C’est le coup de fil que je redoutais. Entre les devoirs et le repas, le repas et la douche, la douche et le câlin du soir, la sonnerie du téléphone, à cette heure-ci j’en devine le sujet, et la voix fatiguée de la directrice. « Bonsoir, désolée de vous déranger un peu tard, il y a un cas de Covid dans la classe de votre fils, les élèves doivent produire un test négatif avant de revenir à l’école, je vous envoie le protocole par mail. Vous avez des autotests à la maison ? Ça ira pour votre organisation ? Est-ce que quelqu’un peut garder le petit en cas de problème ? » Non, je n’ai personne.
C’est le coup de pression du soir, comment je vais faire pour lui infliger une fois de plus ces fichus tests ? Il va encore pleurer, crier, se débattre, je vais encore parler, rassurer, m’énerver, menacer : « Si tu ne fais pas ce test tu ne peux pas retourner à l’école. ». Il va encore avoir mal, il va encore m’en vouloir, méchante maman et fichu virus ! Si seulement Sophie pouvait s’en occuper, si seulement je pouvais avoir le bon rôle pour une fois, gentille maman qui console avec un gentil câlin. Mais elle ne peut pas.
De toute façon je viens de le coucher, je ne vais pas aller le réveiller maintenant avec un truc dans le nez, ou alors je le fais pendant qu’il dort, c’est peut-être une solution… Mais non, s’il se réveille il va gigoter, ce sera encore pire, et il m’en voudra de l’avoir trahi. Je renonce, je m’en occuperai demain.

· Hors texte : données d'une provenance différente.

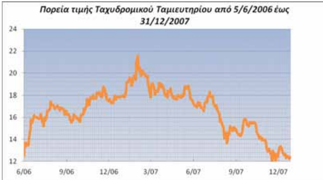
Γράφημα I : Πορεία της μετοχής του Ταχυδρομικού Ταμιευτηρίου από την πρώτη ημέρα έναρξης των συναλλαγών στο Χρηματιστήριο Αθηνών (05/06/2006) μέχρι και 31/12/2007.
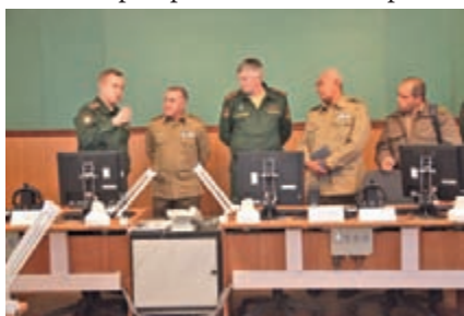
Визит кубинской делегации во главе с начальником Управления РЭБ РВС Республики Куба бригадным генералом Э. Паламино

практическую стажировку на комплексах РЭБ более 250 иностранных военнослужащих — слушателей военных академий МО РФ из таких стран, как КНДР, Ливия, Югославия, Индия, Алжир, Китай, Эфиопия.
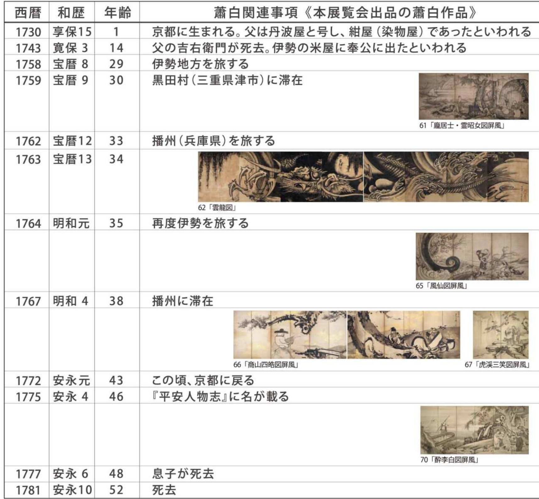
61 「麻居士・靈昭女図屏風」
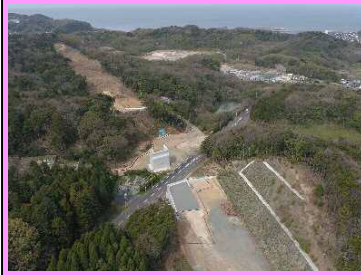
24. 鳥井地区改良第3工事 概要：道路改良 受注者：㈱フクダ 2年3月完成
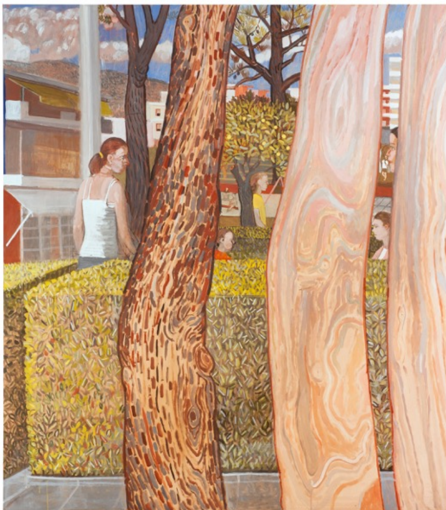
Λεπτομέρεια του Έργου

τοπίο· ως μέσον αποστασιοποιητικό του καλλιτεχνήματος από τον θεατή· ως φράχτης-κιγκλίδωμα διά του οποίου ο θεατής παρακολουθεί την πλοκή του έργου. Τα δέντρα-κορμοί, επαναλαμβάνονται με ένα ρυθμό σχεδόν μουσικό, σαν επωδός, κλείνοντας και ανοίγοντας το εκάστοτε επιμέρους θέμα της σύνθεσης. Παρ' όλη την παρουσία και την κίνηση των προσώπων, στον πίνακα κυριαρχεί μια εκκωφαντική σιωπή, παρούσα σε όλα τα έργα του Παπανικολάου, η οποία μεταδίδεται και διαχέεται σχεδόν ανεπαισθήτως
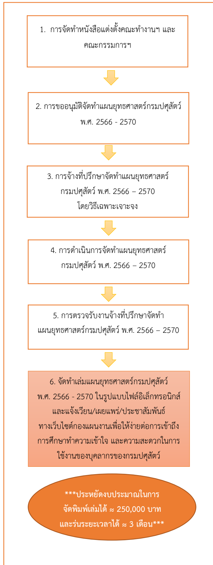
รูปแสดงขั้นตอน/แผนผังการปฏิบัติงานใหม่
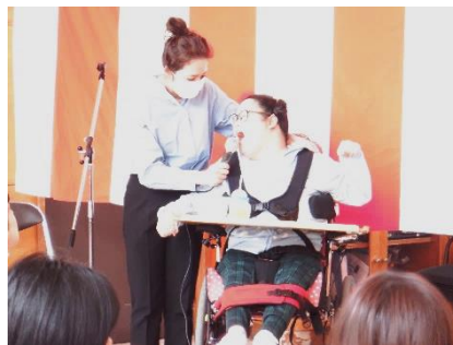
一緒に楽しみましょう
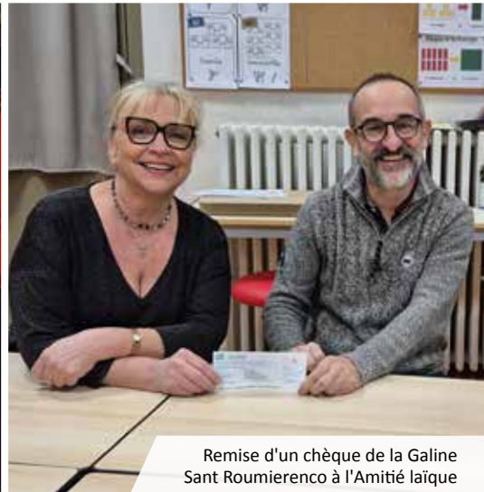
Remise d'un chèque de la Galine Sant Roumierenco à l'Amitié laïque
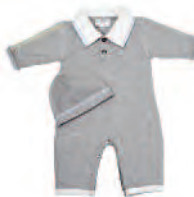
Kinder Strampler-Set WAP 723 056-068 0B EUR 69,00

Mit tiefem V-Ausschnitt. Modische Rippenstricke entlang des Ausschnittes. Webband mit Swarovski Kristallen und Porsche Schriftzug am Saum. 100 % regenerierte Proteinfaser. In Asphaltgrau. Größen: XS, S, M, L, XL, XXL.
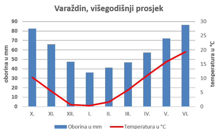
Grafikon 2. Hod temperature i oborine u vegetaciji ječma

Vremenske prilike u vegetaciji ječma 2016. - 2017. bile su nešto nepovoljnije i od prosjeka i od prethodne vegetacije. Sjetva je obavljena u optimalnom roku, a još u vrijeme sjetve palo je 86,4 mm oborine a tijekom studenog još 99,8 mm. Od prosinca pa sve do svibnja palo je manje oborine od višegodišnjeg prosjeka i relativno sušno razdoblje prekinuto je u svibnju. Ječam je dobro prezimio ali je bilo manjih oštećenja od izmrzavanja zbog dugog perioda niske temperature. Naime srednja mjesečna temperatura u prosincu i siječnja bila je niža od 0 °C. Kroz cijelo razdoblje zime bilo je malo oborine a značajnije oborine nisu pale ni u proljeće što je uvelike utjecalo na prinos ječma. Vremenske prilike u navedenim razdobljima prikazuju sljedeći grafikoni, a Slika 2. prikazuje oštećenje ječma od mraza u travnju 2016.
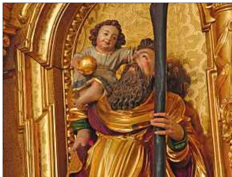
Der heilige Christophorus und das Jesuskind. Detail des Christophorus-Altars in der Hofkirche St. Leodegar.
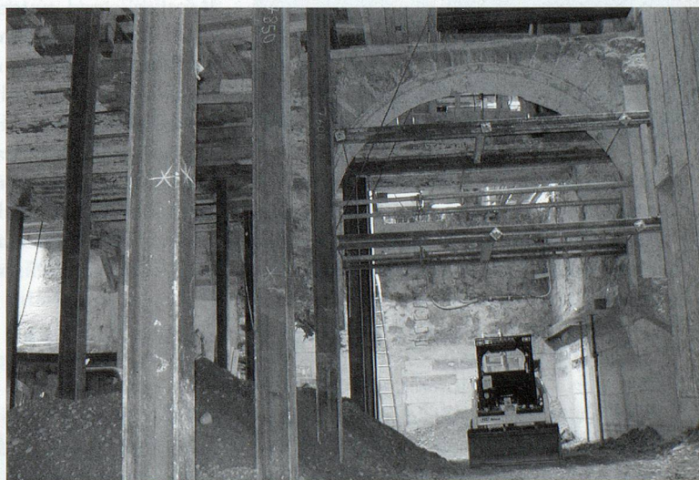
Realisierung einer Vision: Grossflächige Unterkellerung der Altstadtliegenschaften «Tösserhaus» und «Blumengarten». In diesen Altstadtliegenschaften, die teilweise bis ins 12. Jahrhundert zurückreichen, entsteht in enger Zusammenarbeit mit der Denkmalpflege die neue, achtschöckige Stadtbibliothek Winterthur. Dank Selbstverbuchung und Rückgabebautomaten wird sich das Personal voll der KundInnenberatung widmen können.
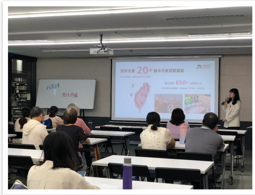
112 年本府性別平等辦公室邀請 全球小紅帽協會辦理專題講座
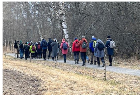
Ett stort gäng guidas i Sandemar

Tack vare en satsning på kommunikation har marknadsföringen ökat i sociala medier och andra kanaler. Det har också inneburit en ny och mer interaktiv design på månadsprogrammet. Programmet skickas ut till alla medlemmar i Stockholms län via månadsbladet, men också via en egen mejllista, bland annat till kalendarier. Även hemsidan utinaturen.nu har uppdaterats och mobilanpassats.
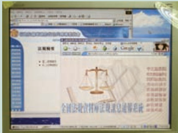
本會法規輯要網站及通報全國法規資料庫系統。

有關全國法規資料庫通報系統之作業部分，本會係由業管處室擇定專責人員負責辦理，每月法規異動結報之月報部分則由法規委員會負責。因月報係依據業管處室當月通報成果加以統計，如業管處室未依規定確實通報，法規委員會即難有正確之資料加以綜整，且因部分單位未依規定於法規發布3日內及行政規則發布或下達5日內辦理通報，以致本會法規異動通報及月報數目未臻確實。法務部全國法規資料庫工作小組於民國93年3月25日蒞會進行實地查核工作，針對本會法規通報工作提出查核意見。為檢討作業缺失，自93年5月1日起法規通報作業改由法規委員會主政，惠請業管處室發布或下達(含訂定、修正、廢止及停止適用)法規命令或行政規則時，均應將發布令、下達函連同法規或行政規則條文通知法規委員會，俾利辦理通報作業，至於每月法規異動結報之月報工作，亦由法規委員會會請各處室統計後辦理通報。
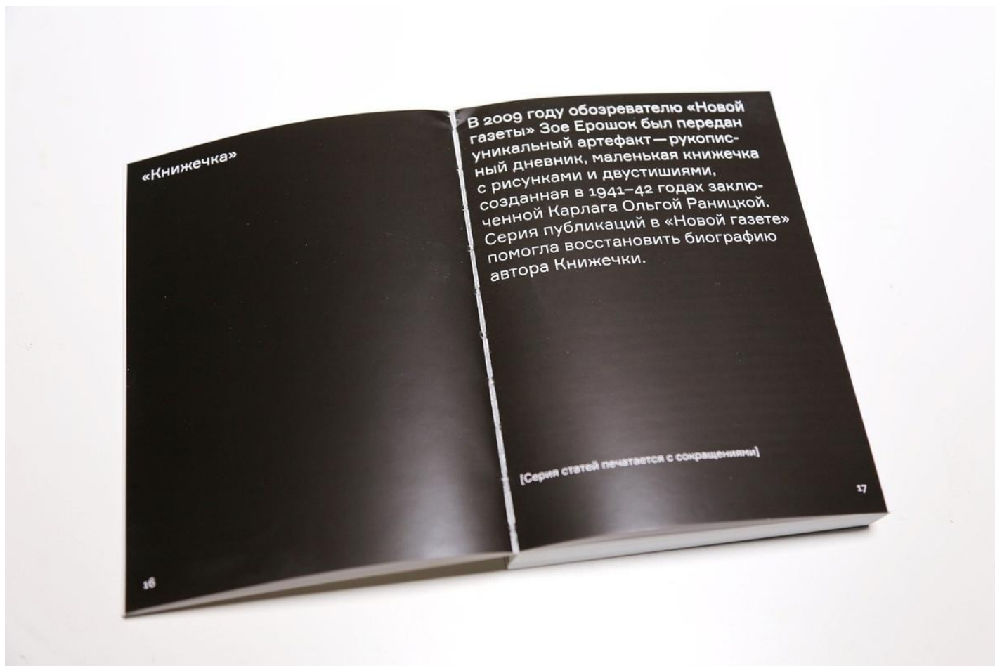
Страницы книги «Метео-Чертик. Труды и дни. 1941»
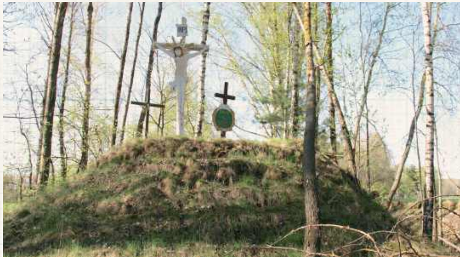
Kurhan kryjący ofiary epidemii cholery z czasu po powstaniu listopadowym

U nicy, rzymscy katolicy i prawosławni. Chłopi, mieszczenie i szlachta. Rolnicy, powstańcy i żołnierze. Polacy, Rusini, Rosjanie, Niemcy, a nawet Estończyk. Dwa cmentarze i krypta pod kościołem. Nekropolie Jabłonia są nie tylko miejscem spoczynku, ale i dokumentem historii pogranicza Podlasia i Polesia.
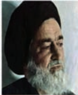
شهید آیت الله سیداسدالله مدنی
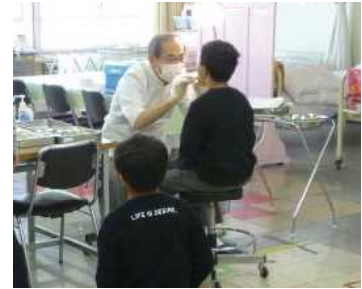
<6年 よい歯の子 校内審査>
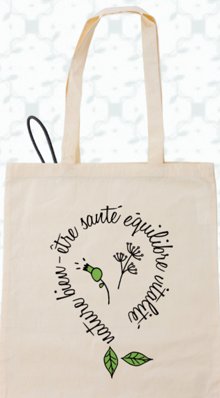
Ref : Sac coton HBC6 38 x 42 cm Personnalisation : 1 couleur sur 1 face
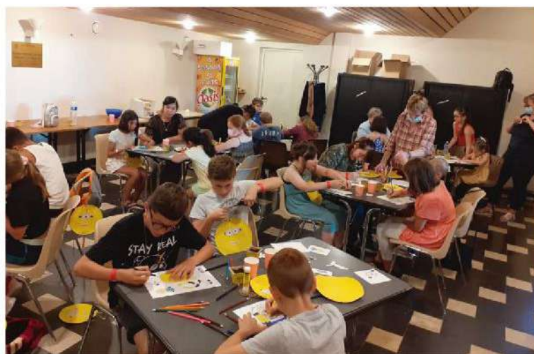
Après-midi récréative au Manège

Au programme : projection d'un film d'animation ou dessin animé (en fonction des films à l'affiche), activité bricolage sur un thème approprié, et goûter. Les places sont limitées et se réservent très vite. Alors soyez vigilants sur les dates des futures après-midis récréatives !
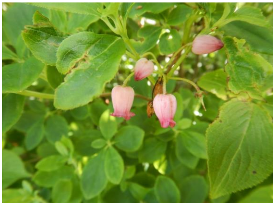
ウラジロヨウラクの可愛い花
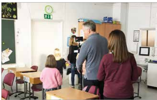
Aseman koululla Saksan suurimman kaupallisen tv-kanavan RTL:n toimittaja tutustui kouluilla tehtävään kierrätykseen.
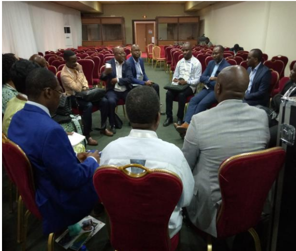
Photo 1: Concertation des acteurs Congolais du secteur lors de la SAM 2019 au Burkina

Le Secrétariat Général à l'Agriculture a organisé un atelier pour montrer le mode opératoire d'un projet d'appui aux jeunes agriculteurs (Projet PEJAB). Les fonds de ce projet devraient passer par le FPM.
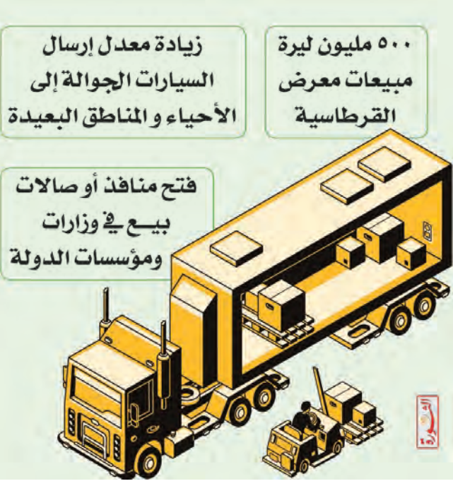
مطابقتها للمواصفات المطلوبة.

يذكر أنه سيتم على هامش الملتقى ورشات عمل وندوات متعلقة بالمصارف والضرائب والمالية معقدة القطاع الحكومي لتتليل العقبات والتوصل إلى حلول تسهم في دفع عجلة الاستثمار السياحي.
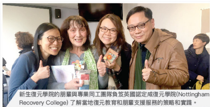
新生復元學院的朋輩與專業同工團隊負笈英國諾定咸復元學院(Nottingham Recovery College)了解當地復元教育和朋輩支援服務的策略和實踐。

一直以來，專業人士及公眾都傾向著眼於「疾病」及「缺損」來看待精神復元人士。在這不平等的關係和污名化下，復元人士被視為醫療及社會服務的長期「依賴者」。復元人士在經歷精神障礙的過程中，培養出許多智慧和經驗。復元學院期望透過教育平台和系統的培訓，將復元人士的親歷經驗，轉化為可供教學的知識，與專業人士的專長相配合，透過實踐「共建」課程來締造平等文化。
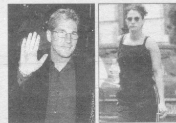
Ричард Гир и Джулия Робертс.

Лучшей парой фильма жанра «action» признана Харрисон Форд и Шон Коннери в картине «Индиана Джонс и последний крестовый поход». Стоит отметить, что на пятом месте в этой номинации единственный женский дуэт среди победителей — Джина Дэвис и Сьюзан Сэрэндон в фильме «Тельма и Луиза».
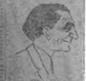
Fot. 14. „Dziennik Polski” 1946, nr 60, s. 5, dod. „Sprawy Słowiańskie”

Z Jambowa... Wzięli w niej udział przedstawiciele z różnych krajów, którzy omówili dotychczasowe osiągnięcia i zadania przed nami.
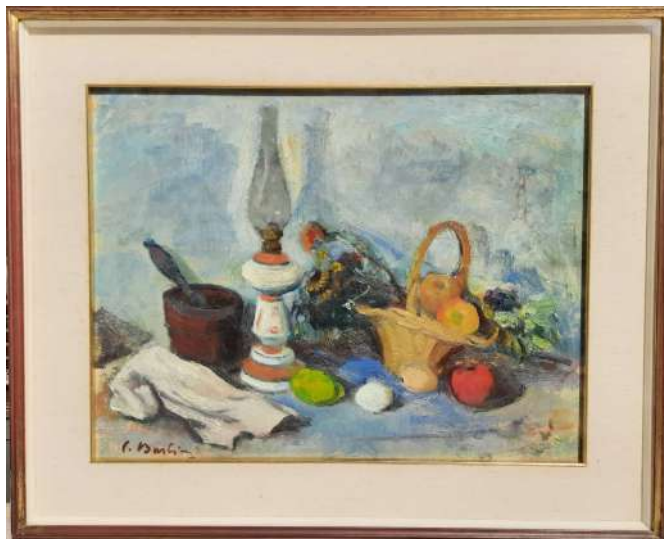
LOTTO 87 CONTARDO BARBIERI (1900 – 1966) BASE D'ASTA 600,00 DIPINTO OLIO SU TAVOLA RAFF. NATURA MORTA CON FRUTTA E LAMPADA MIS. 50 X 65 FIRMATO IN BASSO A SINISTRA
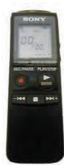
Slika 10. Digitalni snimači ili diktafoni za osobe oštećena vida

Jedan od takvih je Sony PX720 uređaj za snimanje i reproduciranje zvuka raspolaže memorijom od 64 Mb što je dovoljno za 7 sati neprekidnog snimanja odličnog kvaliteta. Može se povezati sa računarom USB priključka. Softver za prebacivanje snimaka i podešavanje postavki diktafona je kompatibilan s čitačima ekrana kao što je primjerice JAW for Windows koji je već navođen (Lazor, 2017).
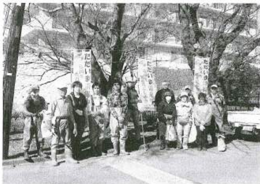
新しい帽を5本二宮町が 作ってくれました

C’est l’insomnie inéluctable. Si le petit est négatif, je l’amène tranquillement à l’école en croisant les doigts pour la suite. Mais il finira bien par se contaminer, à l’école, à la garderie, à la cantine ou n’importe où ailleurs. S’il est malade, je devrai rester à la maison, et puis je serai cas contact. Les collègues vont encore jaser, encore un arrêt enfant malade, décidément c’est souvent avec Florine ! Et sa femme, elle peut pas s’en occuper ? Ah ben non, c’est vrai, elle ne peut plus.
C’est la corvée du matin. Deux options : il est négatif et tout va bien, il va à l’école et moi au boulot, ou il est positif et c’est la cata, il reste à la maison et moi avec lui, je suis cas contact, peut-être positive, peut-être malade, et qui va s’occuper de lui, de moi, de nous ? Je pense à Sophie, à la douceur de ses gestes, à sa voix qui sait si bien me rassurer, le consoler, elle prendrait soin de nous, on serait dans un petit nid, on serait bien. Si seulement…
C’est l’attente du matin. Je l’ai réveillé tout doucement, et puis je lui ai dit, cas contact, autotest, il ne voulait pas, j’ai insisté, pas le choix mon petit bonhomme. Il a essayé de négocier : « Mais maman je pourrais rester à la maison, je suis grand maintenant, de toute façon à l’école tout le monde est malade… » J’ai regardé vers la chambre, vers notre lit conjugal où dormait encore ma femme il y a peu. Le lit est vide maintenant, je dors seule et ma femme n’est plus là.
C’est la journée qui recommence. Le petit est négatif, il est à l’école et moi au boulot, et ce soir ce sera comme d’habitude. Lui et moi. Sans Sophie. Parce qu’elle est partie.